To find the distance between the point \( P(2m, 3m, 4m) \) and the \( x \)-axis, we can follow these steps:
### Step 1: Understand the coordinates of the point and the x-axis
The point \( P \) has coordinates \( (2m, 3m, 4m) \). The \( x \)-axis is defined by the points where \( y = 0 \) and \( z = 0 \). Therefore, any point on the \( x \)-axis can be represented as \( (x, 0, 0) \).
### Step 2: Identify the coordinates of the point on the x-axis
To find the distance from point \( P \) to the \( x \)-axis, we can consider the point on the \( x \)-axis that is directly below \( P \). This point will have the same \( x \)-coordinate as \( P \) but \( y \) and \( z \) coordinates equal to 0. Thus, the coordinates of the point on the \( x \)-axis are \( (2m, 0, 0) \).
### Step 3: Use the distance formula
The distance \( d \) between two points \( (x_1, y_1, z_1) \) and \( (x_2, y_2, z_2) \) in three-dimensional space is given by the formula:
\[
d = \sqrt{(x_2 - x_1)^2 + (y_2 - y_1)^2 + (z_2 - z_1)^2}
\]
In our case, we will use the coordinates of point \( P(2m, 3m, 4m) \) and the point on the \( x \)-axis \( (2m, 0, 0) \).

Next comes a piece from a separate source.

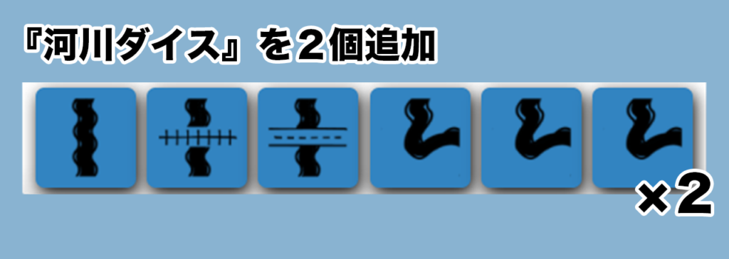- 通常の『ルートダイス』にプラスで『河川ダイス』を2つ振ります。

### Step 4: Substitute the coordinates into the distance formula
Let:
- \( (x_1, y_1, z_1) = (2m, 3m, 4m) \)
- \( (x_2, y_2, z_2) = (2m, 0, 0) \)
Substituting these values into the distance formula:
\[
d = \sqrt{(2m - 2m)^2 + (0 - 3m)^2 + (0 - 4m)^2}
\]
### Step 5: Simplify the expression
Calculating each term:
- The first term: \( (2m - 2m)^2 = 0^2 = 0 \)
- The second term: \( (0 - 3m)^2 = (-3m)^2 = 9m^2 \)
- The third term: \( (0 - 4m)^2 = (-4m)^2 = 16m^2 \)
Now, substituting back into the equation:
\[
d = \sqrt{0 + 9m^2 + 16m^2} = \sqrt{25m^2}
\]
### Step 6: Calculate the final distance
Taking the square root:
\[
d = 5m
\]
### Conclusion
The distance between the point \( P(2m, 3m, 4m) \) and the \( x \)-axis is \( 5m \).